When available fresh fruit and vegetables were bought from the locals and added to the meals or cut up for us at lunch. The bananas on the track were sweet and tasted unbelievable. You could buy them  locally as there were several pop-up shops on the way. The most popular was the "Kokoda happy meal". A can of the dark, bubbly fluid with a packet of Twisties. This was worth ten Kina in most stores. Many of the mobile market stall owners did not believe in giving change and I waited for my 1 Kina in change for a couple of minutes on one occasion just to see what happened. Except for all involved being embarrassed, nothing much happened. Fifty cents lost - oh well!

I was relieved to find the boys scrubbing the pots and crockery with a lot of soap after every meal. An awesome job.

Smiddy new the best rivers and water sources on the trail and I have to say that the water was always crystal clear and tasted like water should. Soft, untreated and a pleasure to drink. I did drop an iodine tablet in each bottle just to make sure but none of us had any problems .

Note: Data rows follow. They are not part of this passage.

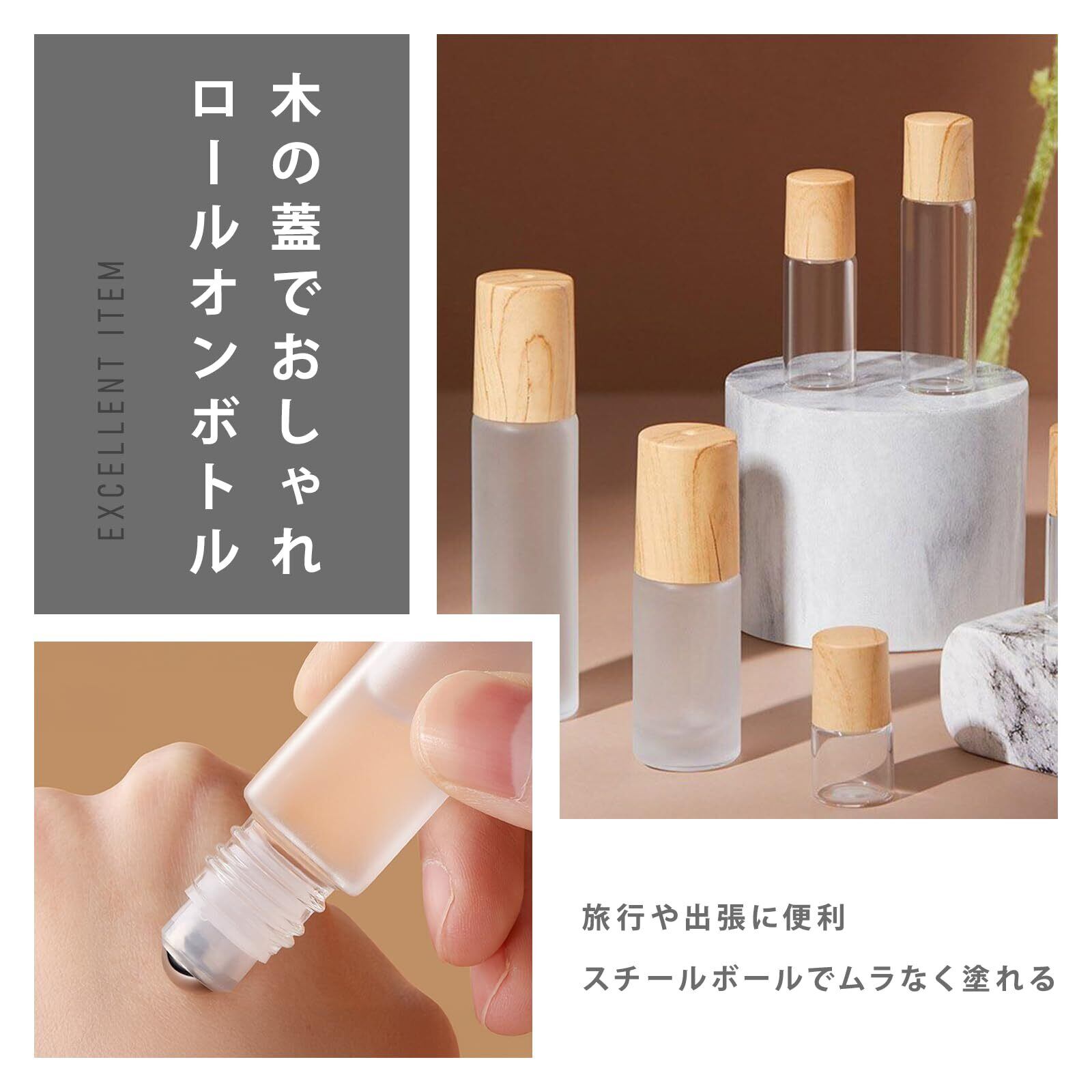 【木の蓋が可愛いアロマボトル】木目調のふたが可愛い持ち運び用のロールオンボトル10本セットです。持ち運びに便利なサイズで、キャンピング、出張や旅行などの際に携帯して頂けます。旅行の際のポケットやバッグ、化粧袋に簡単に入れることができます。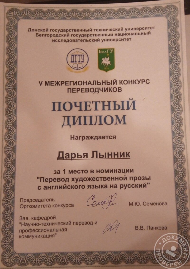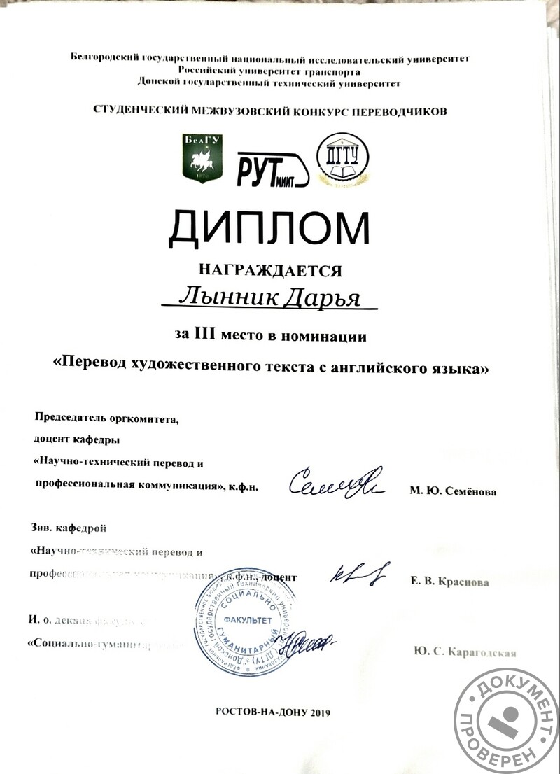 - Донской государственный технический университет, специализация – лингвистическое обеспечение межгосударственных отношений, специальность – перевод и переводоведение (английский и испанский языки), квалификация – лингвист, переводчик, 2014–2019 гг.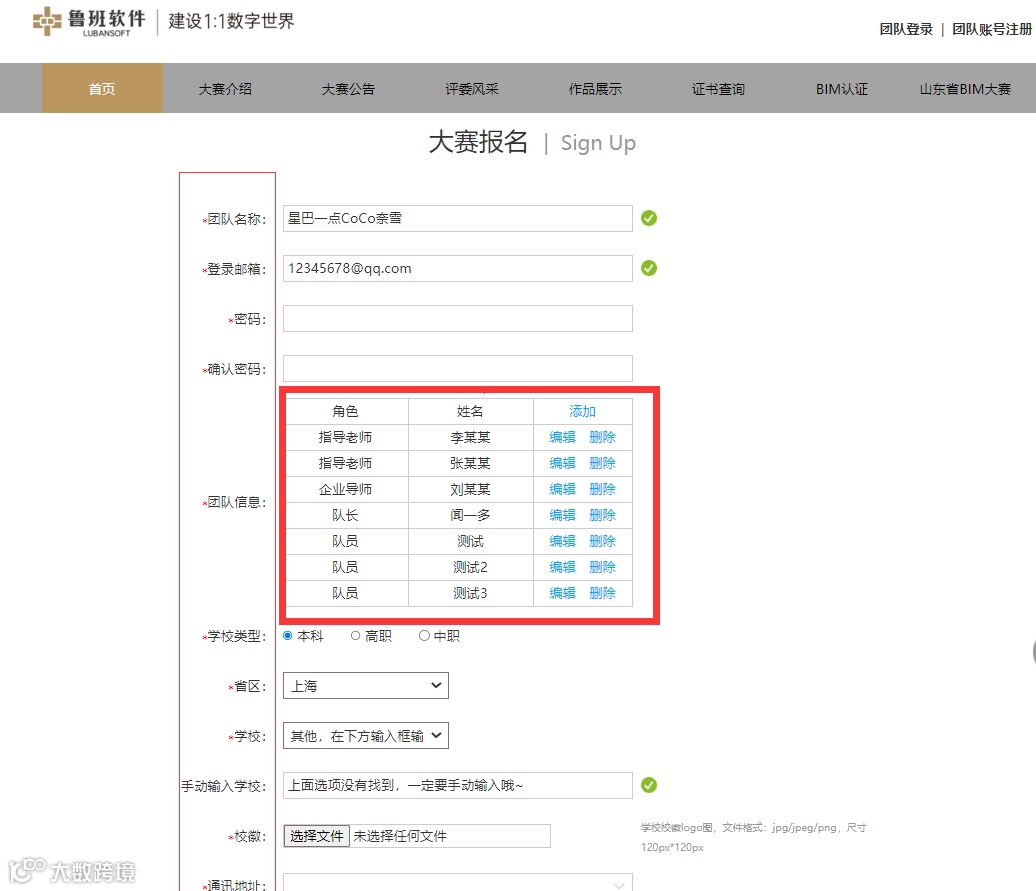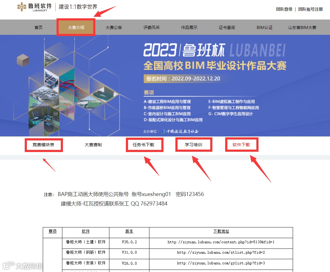 第一步:准备好盖章的报名表,登录大赛官方网站:http://bim.lubanu.com/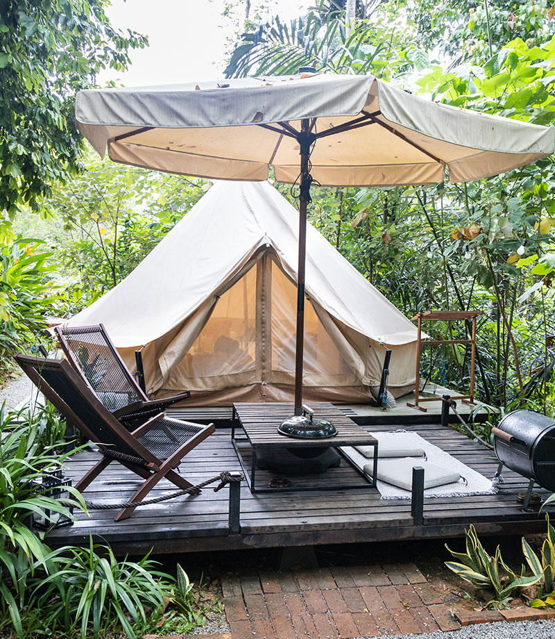 Kanopinin altında tanımlanmış bölgeler oluşturun. Dış mekan kilimleri, gruplandırılmış mobilyalar ve çadırın altına asılan ışıklar, sadece barınaktan ziyade yer hissi yaratır. Kanopi tavanı, etrafında tam bir dış mekan odasının düzenlendiği bir dayanak noktası haline gelir. Rüzgar tarafına yan duvar panelleri eklemek, alanı tamamen kapatmadan konukları esintilerden korur.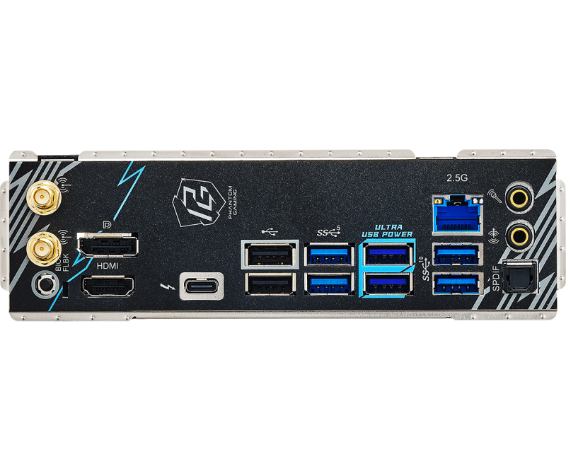 I/O:2 x Antenna Ports;1 x HDMI Port;1 x DisplayPort 1.4;1 x Optical SPDIF Out Port;1 x Thunderbolt™ 4 Type-C Port (40 Gb/s for USB4 protocol; 40Gb/s for Thunderbolt™ protocol);2 x USB 3.2 Gen2 Type-A Ports (10 Gb/s);4 x USB 3.2 Gen1 Ports;2 x USB 2.0 Ports...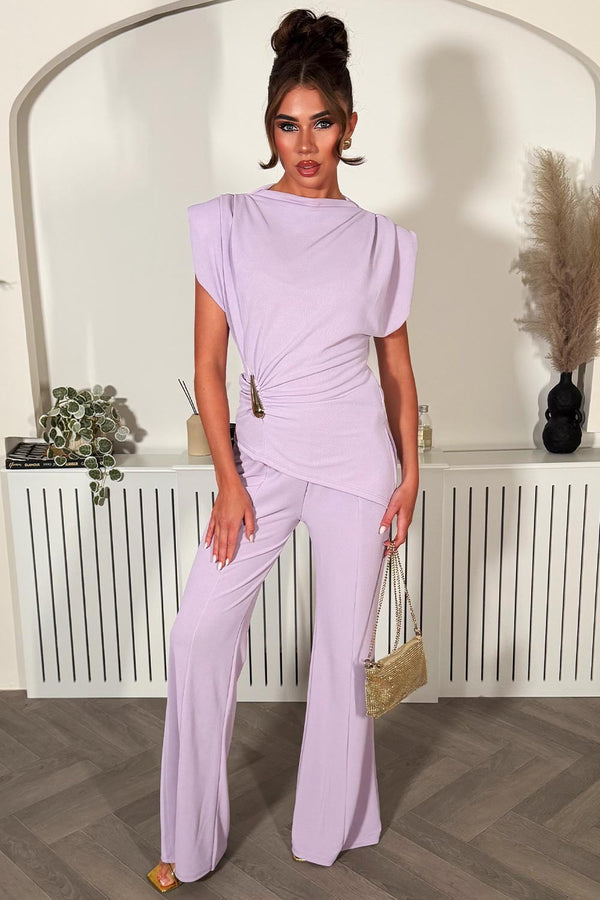 Lilac Wide Leg Trouser & Shoulder Pad Top Co Ord With Gold Buckle Detail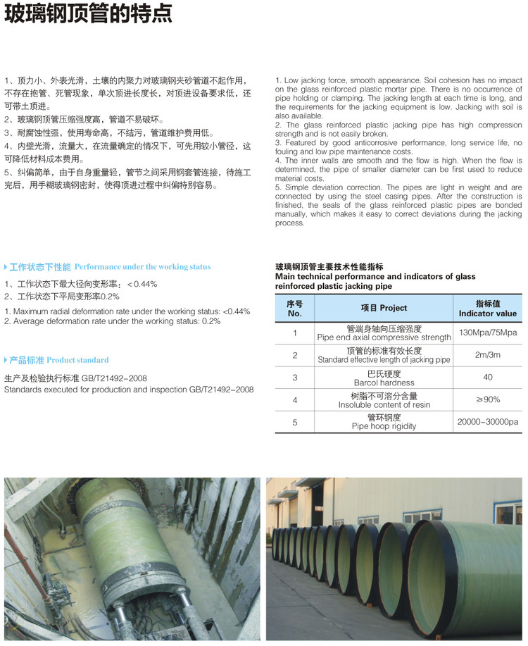 2、玻璃鋼頂管壓縮強度高,管道不易破壞。

You only need one pair of hiking clothes on the trail. Every evening in the village the opportunity arose to wash our clothes under a tap or in a glorious, crystal-clear stream. White is not a good colour to wear on the track. My hiking shirt was looking a brownie, smudged grey after two days playing around in these muddy hills. Do bring some warm clothes for the evenings.

You do adapt to washing yourself in a stream or under a bamboo pipe with water continuously running through it. If you are looking to have hot water, a soap holder or privacy during your shower maybe the Kokoda track is not the place for you.

Myola is named after one of the wives of a Lieutenant that served in Kokoda.